Ik hief mijn hand – een geluidloos teken om haar te zeggen
dat ze moest blijven waar ze was. Ze kende me. Ik was van koninklijken
bloede. Ze moest gehoorzamen.
Dat deed ze niet. In plaats daarvan helde ze naar voren en liet
zich in de diepte vallen. Het was niet echt een sprong.
Ik had geen keus. Voortgedreven door een intuïtieve wilskracht
dook ik schuin naar beneden, naar haar toe.
Langzaam viel ze, haar lichaam horizontaal en haar armen en
benen gespreid.
Als een mes sneed mijn gestrekte lichaam door de lucht.
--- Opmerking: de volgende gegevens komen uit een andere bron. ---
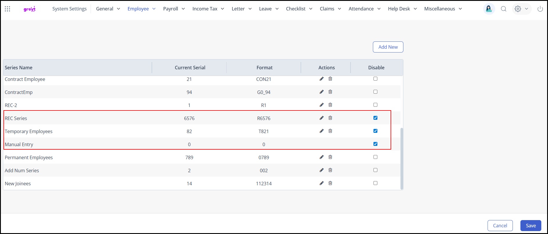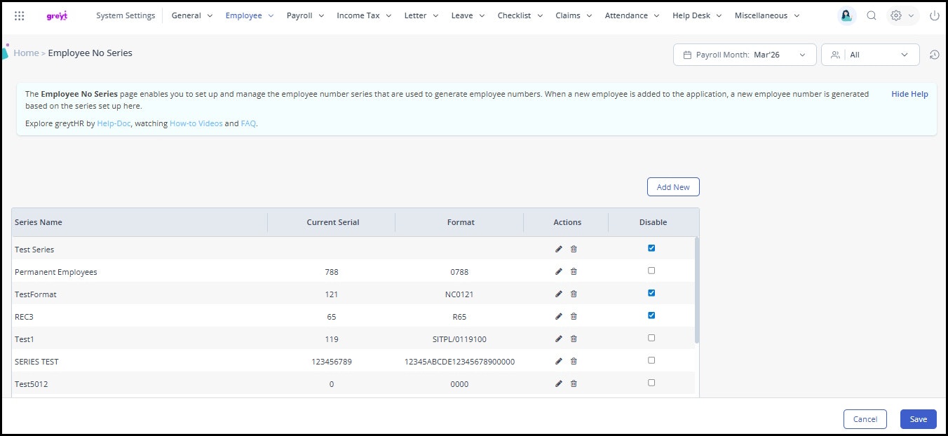 The Employee No Series page in the greytHR Admin portal allows you to set up and manage employee number series that are used to generate employee numbers. The numbers can be numeric and alpha-numeric.

Met
mijn gedachten trachtte ik haar val te vertragen en de mijne te
versnellen. De kunst van het vliegen had ik me nooit eigen kunnen
maken, zoals sommige van mijn soortgenoten. Wel kon ik
van gedaante veranderen, maar daar had ik tijd voor nodig, en
die was er niet. Daarom koos ik ervoor – als je van een keus kunt
spreken – om haar val met mijn lichaam te breken. Als in slow
motion ging ik door de nevelflarden die haar leken tegen te houden.
Het volgende moment botste mijn lichaam tegen het hare. In
een poging de klap van onze val te breken, sloeg ik mijn armen
om haar tengere gestalte en draaide mijn rug naar de aarde.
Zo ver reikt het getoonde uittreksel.